Manitoba Internet Exchange
- Abbreviation: MBIX
- Founded: September 2011
- Location: Canada, Winnipeg, Manitoba
- Website: mbix.ca
- Members: 31
- Ports: 38
- Peak in: 3.05Gbit/s

= Manitoba Internet Exchange =

Internet exchange point in Canada

The Manitoba Internet Exchange Inc (MBIX) is an Internet exchange point situated in Winnipeg, Manitoba, Canada. It allows traffic between members to stay within the Canadian jurisdiction, optimizing the performance and economy of traffic flows, while limiting the potential for extra-legal surveillance.

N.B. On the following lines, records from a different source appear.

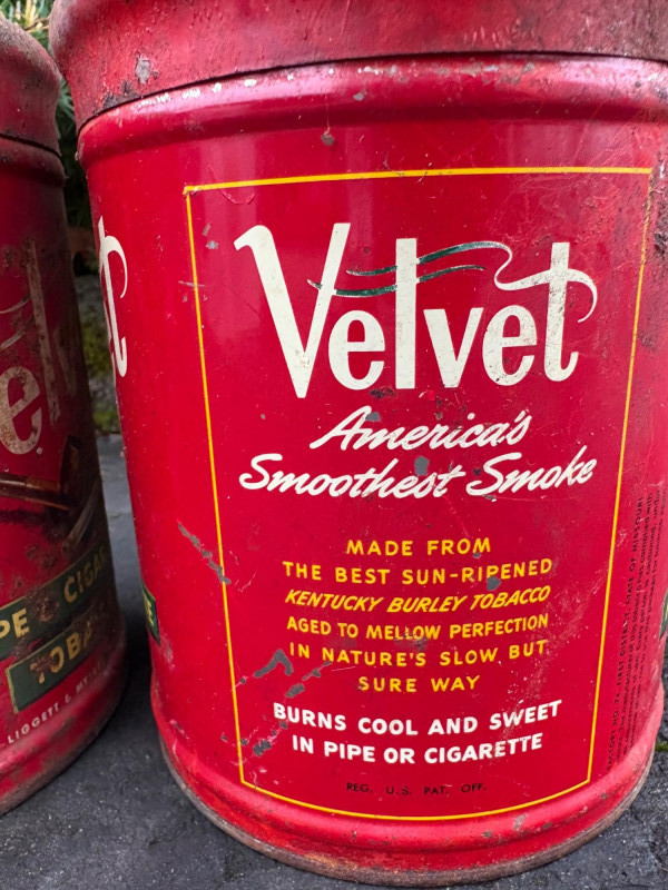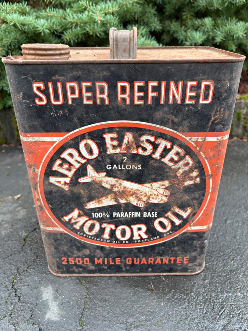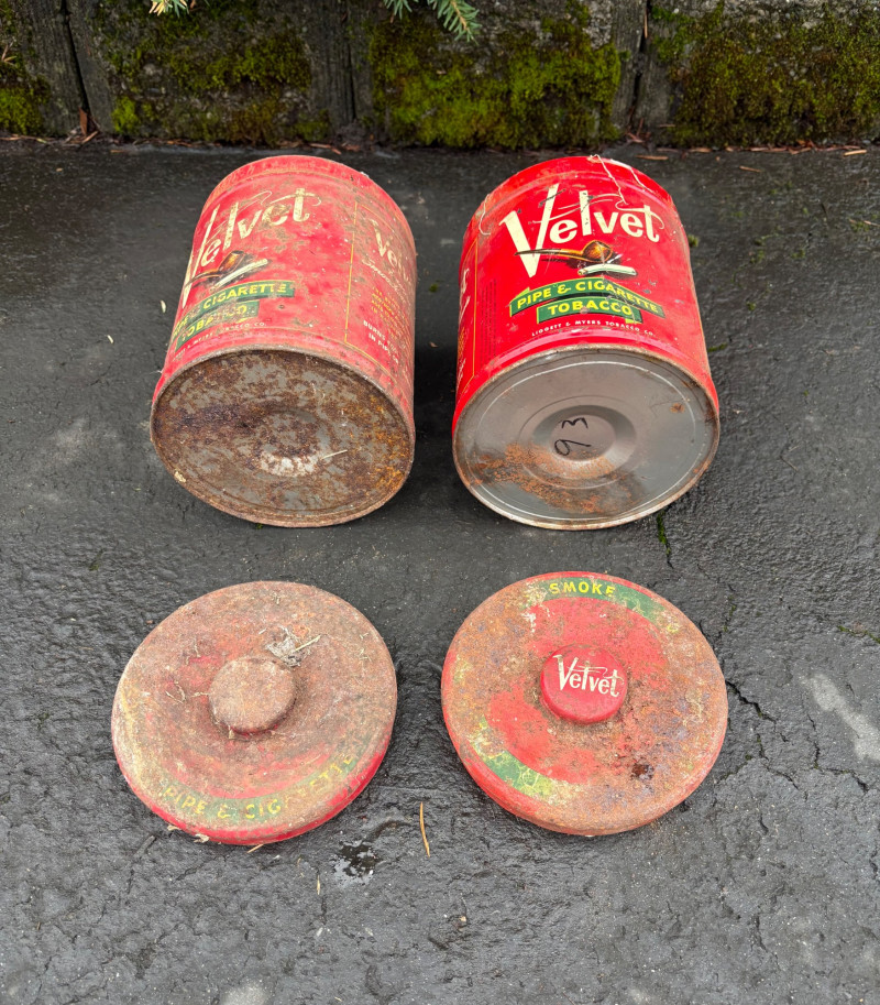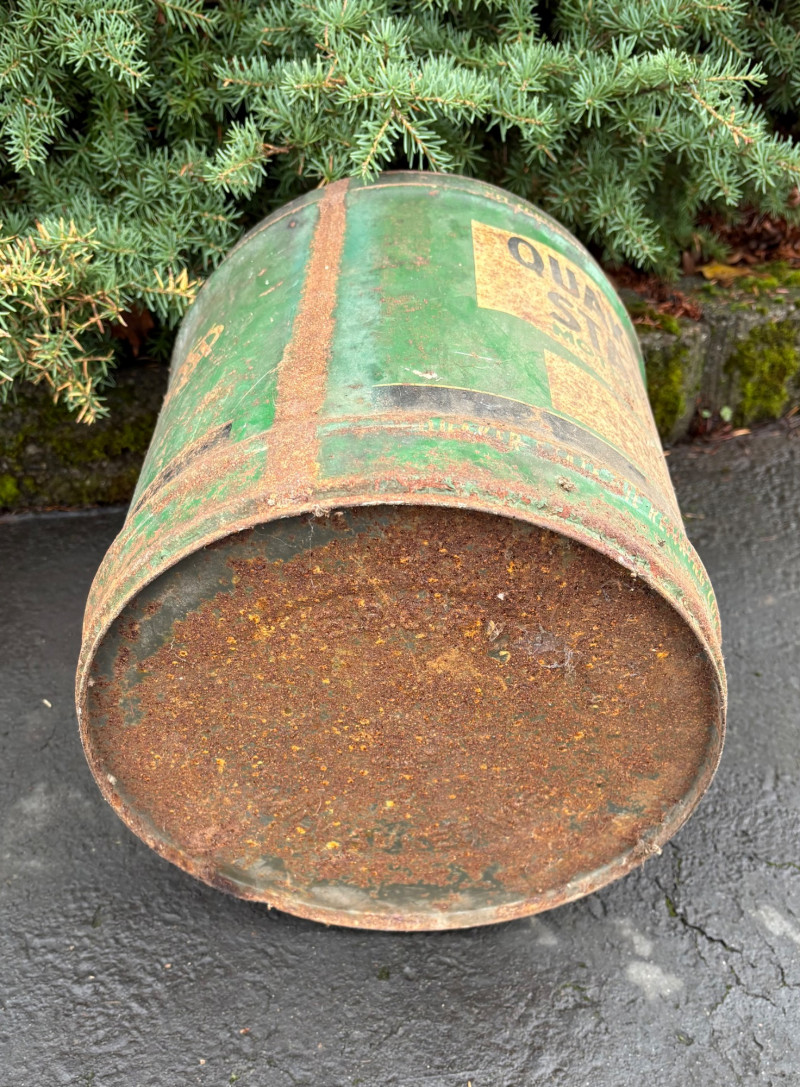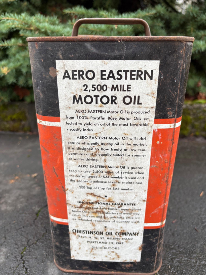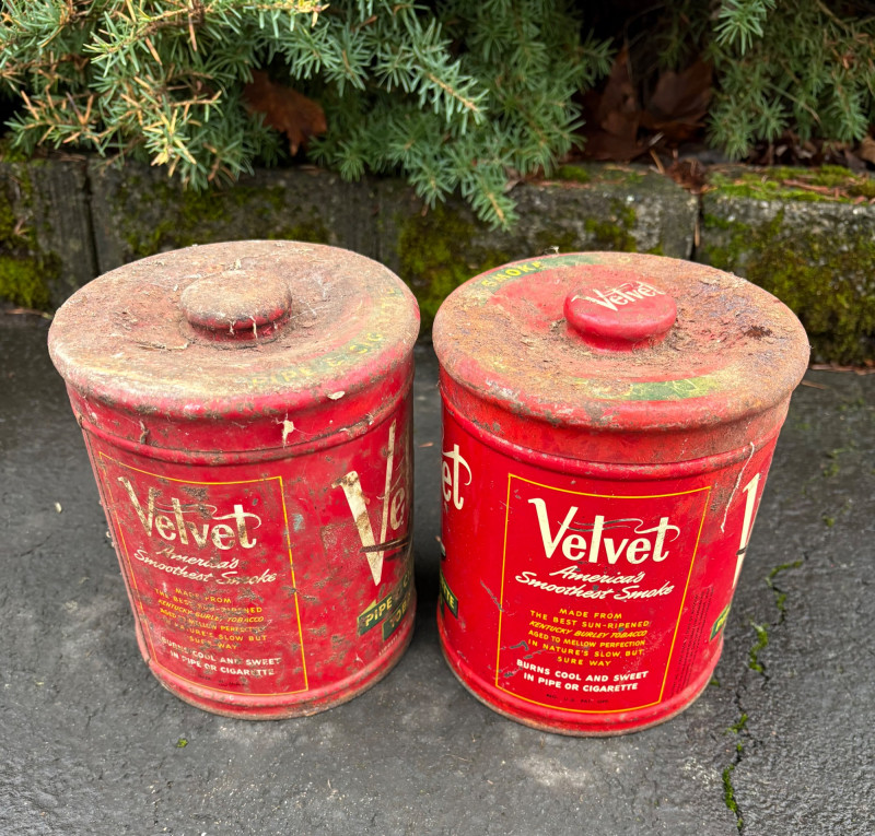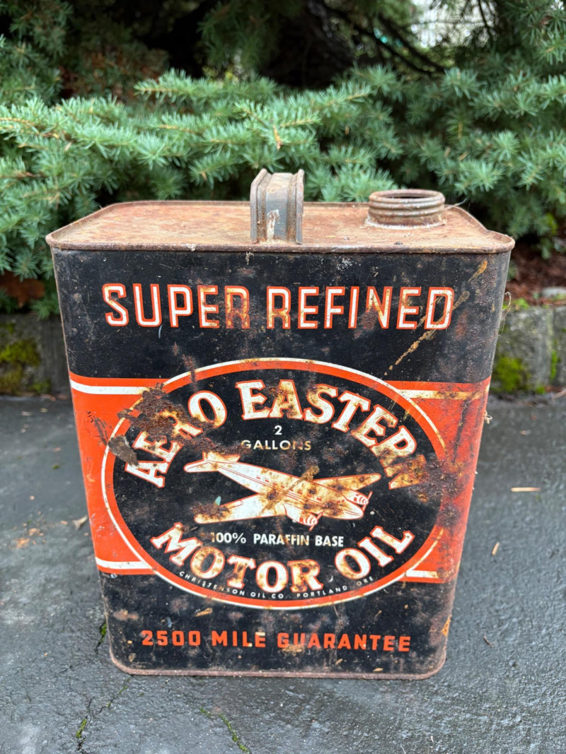 We found these items in the garage and they are being sold as is. Some of our clients buy antique items for stage settings and want the items to look used/aged so we will let the new owner decide whether or not to clean up the decades of "accumulation" on them. Quaker State Motor Oil 5-gallon metal can in green & white. Measures 16" H to the spout by 11" in diameter with a metal and wood carry handle. 3 pipe tobacco metal cans (2 Velvet & 1 Granger brand) with lids. Measure 6" H x just shy 5" in diameter. Rectangular Aero Eastern Motor Oil metal can in white, orange, and black with a metal handle. Measures 11.5" H x 8" W x 5.5" D.
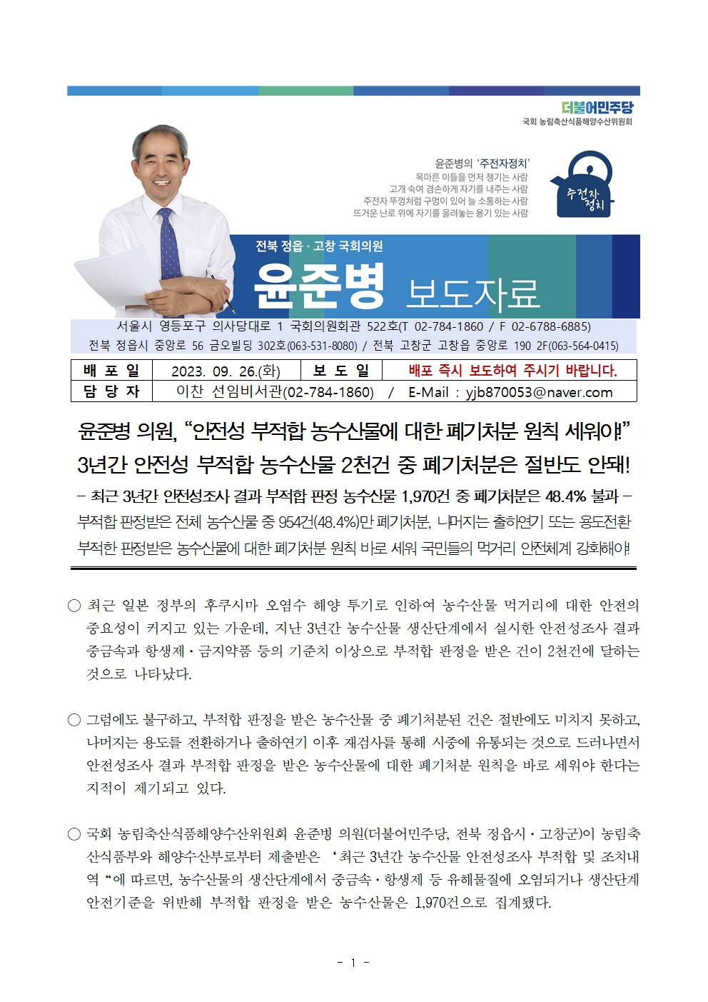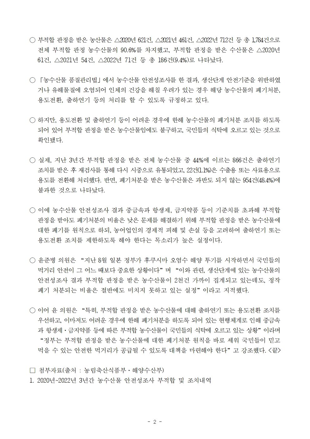 230926 [윤준병 의원 국정감사 보도자료] 윤준병 의원 3년간 안전성 부적합 농수산물 2천건 중 폐기처분은 절반도 안돼!.hwp
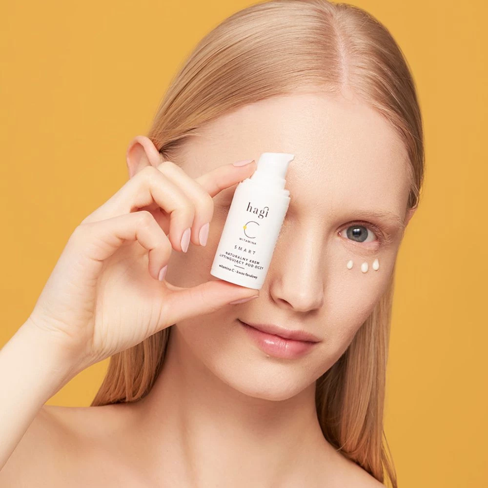 ✅ Krem pod oczy i na łuk brwiowy z witaminą C Hagi SMART to zaawansowany kosmetyk stworzony specjalnie do pielęgnacji najbardziej delikatnej i najcieńszej skóry na twarzy. Formuła kremu spłyca linie zmarszczek, „odświeża” spojrzenie oraz pomaga zminimalizować cienie pod oczami i opadanie górnej powieki. Kwas ferulowy wzmacnia i stabilizuje działanie witaminy C, jednocześnie niwelując stres oksydacyjny. Sezamina wypełnia zmarszczki i linie mimiczne, a zawarte flawonoidy wspierają produkcję kolagenu.
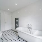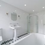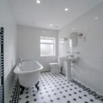 A modern suite with freestanding bath with claw feet, corner shower cubicle, wash hand basin, low level WC, towel radiator and double glazed window to rear.
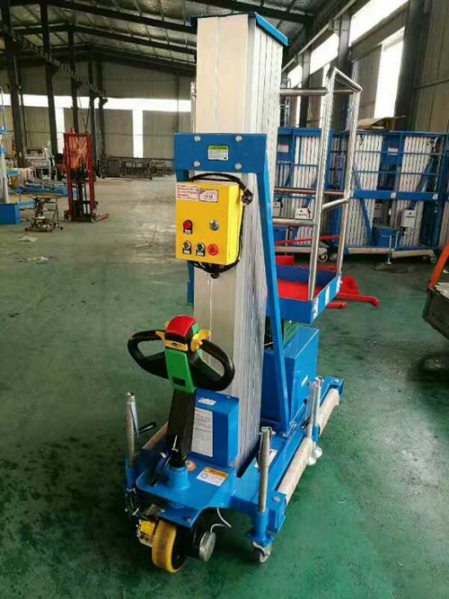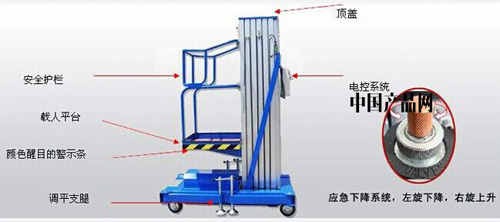 鋁合金升降機升高高度在8米以下為單跪柱式,在10米到14米之間為雙跪柱式,15米到18米之間則升為三跪柱式或四跪柱式。通過升降平臺跪柱的增加達到設備在高空的穩定性,保證作業安全,減小設備晃動的幅度,使高空作業更加平穩。該升降平臺配備了中德合資的液壓泵站,該泵站為壓鑄鋁集成閥塊,結構緊湊,系統壓力16MPa,經過液壓泵站帶動鏈條傳動,結構合理,設計緊湊。鋁合金式液壓升降平臺下降速度可自調,而且設備設有手動下降裝置,保證在停電時的正常工作;設有應急停運按鈕;臺面設有防滑絕緣扣板,更換方便,易于清潔,維修方便,有效保障工作安全可靠,保證使用人員的安全。外形美觀,整體輕盈,能在小的空間內發揮好的舉升功能,也可根據客戶要求加裝蓄電池以滿足客戶工作場地的不同要求。
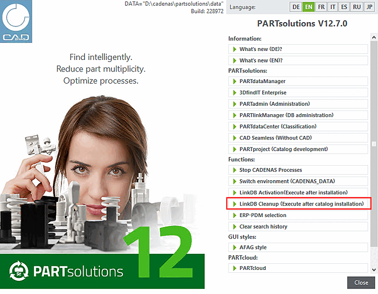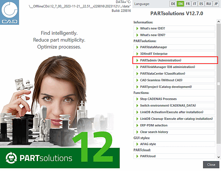 -> PARTadmin is opened and the version numbers and link database are updated. Depending on the size of the catalog, the process may take a few minutes.
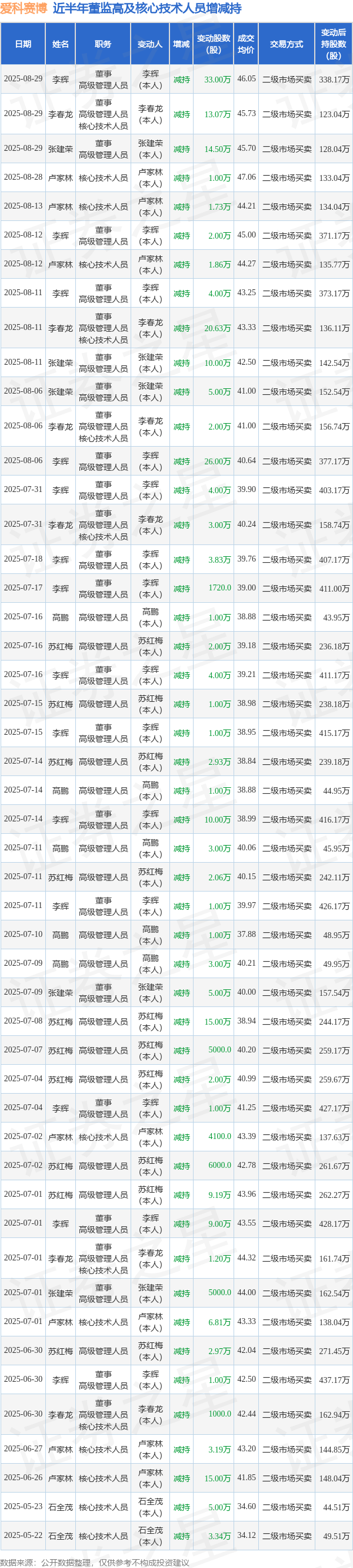 爱科赛博近半年内的董监高及核心技术人员增减持详情如下:
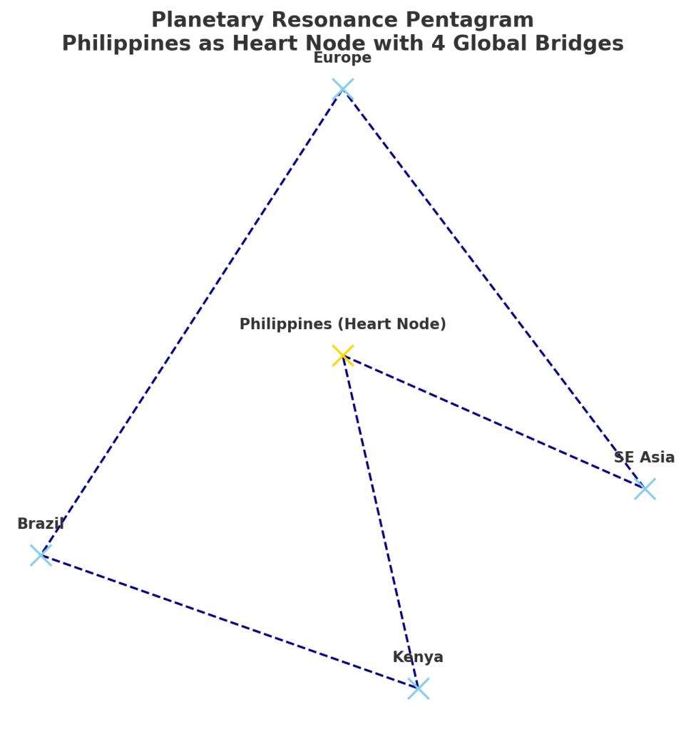 Diagram (top): The Philippines as Heart Node radiates Overflow through a planetary resonance star.
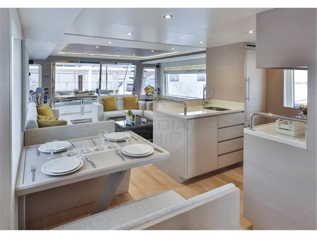 Notas internasNotas de la instrumentaciónBussola, Ecoscandaglio, Pilota automatico, Radio VHF.Notas de armamentoAllestimento tecnico e di coperta:Elica di prua - bow thruster, Piattaforma (Hydraulic), Winch. Cucina ed elettrodomestici: Congelatore, Frigorifero interno (Electric). |
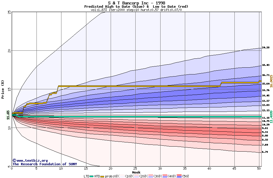 The high to date and low to date prices of the stock plotted against a random walk model for 1998 (what's this?).
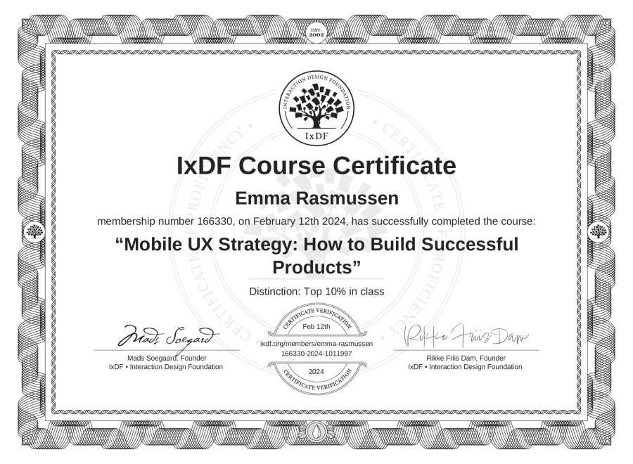 Emma Rasmussen's IxDF Course Certificate: Mobile UX Strategy: How to Build Successful Products

MBIX is incorporated as a Manitoban tax-exempt non-profit corporation.

==Technology==

As of 2021 MBIX is running 4 switches.

- a Cisco Nexus 93180-EX Ethernet switch, supporting speeds of 1 Gbit/s/10 Gbit/s on fibre
- a Cisco Nexus 93180-FX Ethernet switch, supporting speeds of 1 Gbit/s/10 Gbit/s/25 Gbit/s on fibre
- 2x Cisco Nexus 3064-PQ Ethernet switch, supporting speeds of 1 Gbit/s/10 Gbit/s on fibre

MBIX provides NTP and an optional BGP route reflector for multilateral peering.

Both IPv4 and IPv6 peering are possible and both are encouraged at MBIX.

==Services Available==

MBIX offers several services under its own ASNs.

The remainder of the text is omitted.